FCC Fines Google for Obstruction in Street View Scuffle


ADOTAS – Over the weekend, the Federal Communications Commission censured Google for obstructing an investigation into whether the search behemoth had gathered and stored data from unencrypted wireless networks while researching Google Street View, and it fined Google $25,000, which the company may appeal.

Between 2008 and 2010, in addition to photographing every street possible from multiple angles, Google was collecting information about nearby wireless networks, in order to help improve local searches. But the Street View cars rolling through neighborhoods were also collecting information about the activities people were conducting online or on their mobiles as the vehicles passed. That’s not necessarily what Google had intended, but that’s what how the program used to collect the data was coded.
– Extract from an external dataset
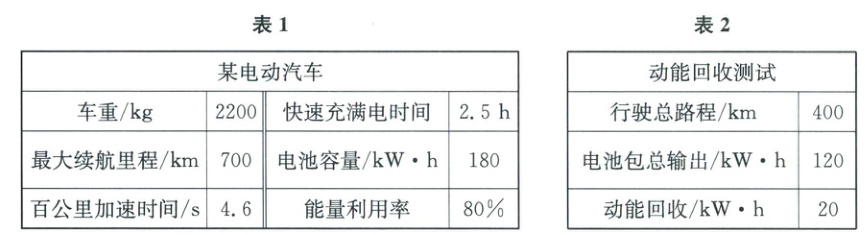 (2)解:$W_{有用} = \eta W_{输出} = 80\%×120kW·h = 96kW·h = 3.456×10^8J$,$F = \frac{W_{有用}}{s} = \frac{3.456×10^8J}{400000m} = 864N$ 答:动能回收测试当天该电动汽车的平均牵引力为864N。

The engineer who wrote the program invoked the Fifth Amendment during FCC proceedings, while Google said it hadn’t authorized the collection of personal data.  A statement from Google called the inclusion of that code “a mistake… but we believe we did nothing illegal.”
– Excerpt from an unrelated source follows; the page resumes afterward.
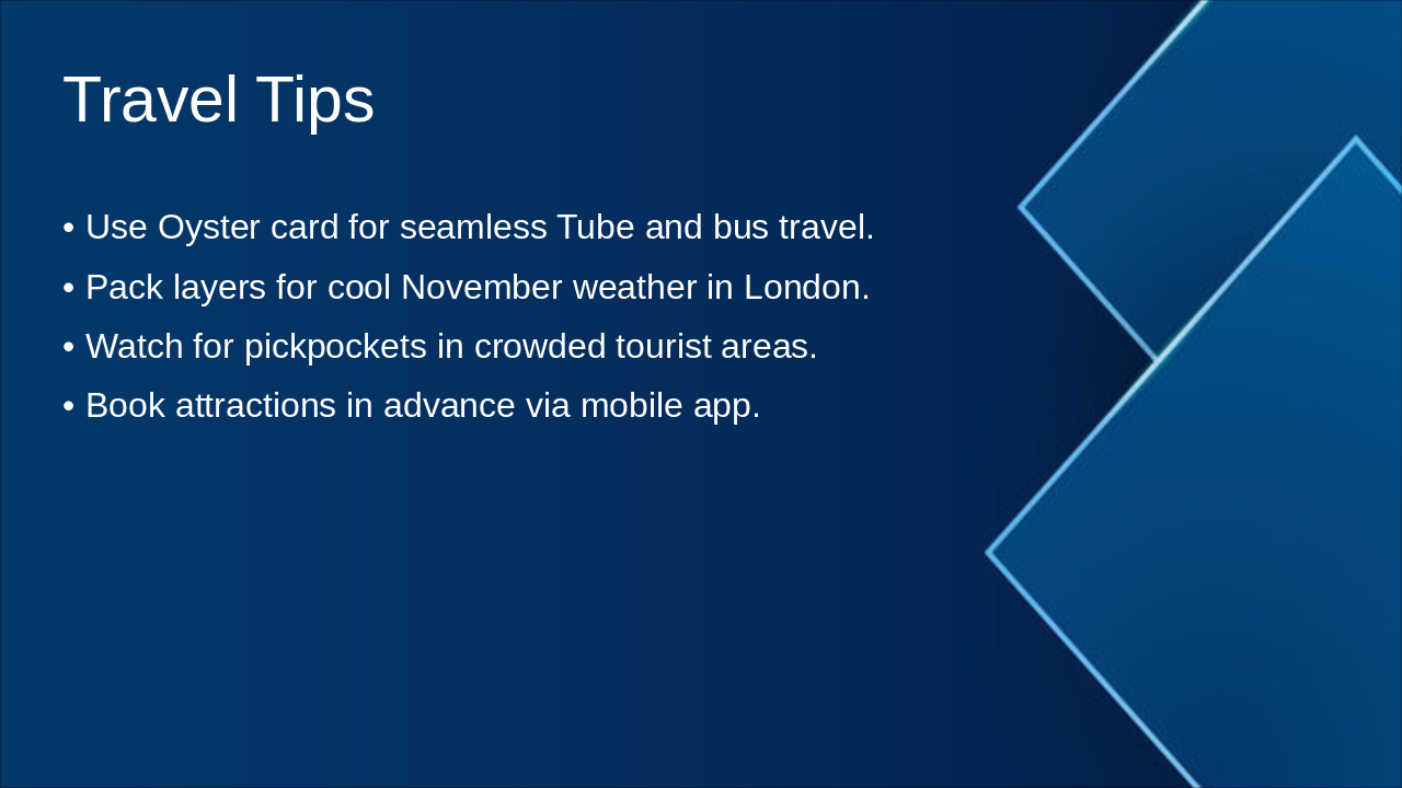 The Trip Overview slide outlines a 5-day London itinerary, starting with an introduction from arrival to farewell, followed by detailed daily plans for Days 1-3 covering central sights, royal sites, and Thames icons, and Days 4-5 focusing on culture, markets, shopping, and a farewell. It also includes practical travel tips on transport, weather, and customs, plus a summary of total costs for flights, accommodations, and activities.

To be clear, the FCC’s decision doesn’t indicate Google did anything illegal, either. Reports out over the weekend say Google didn’t even look at the personal data while the Street View cars were collecting it. The search giant received a relative pittance of a fine for a lack of cooperation: It initially denied that it had collected any such data, then denied the level of detail the data went into. Meanwhile, while the company said the collection of personal data was unauthorized, the engineer who wrote the program said other Googlers knew that it had accessed personal data.

The FCC first opened this investigation into Google in October of 2010, on the same day the FTC wrapped up its own investigation. Several sources reported on the fine and contributed analysis, including the Wall Street Journal and the New York Times.


  1. This is all the evidence we need that big brands are virtually untouchable by our current regulatory and legal systems. Why didn’t they just fine them $1 – that would be as meaningful as this pittance.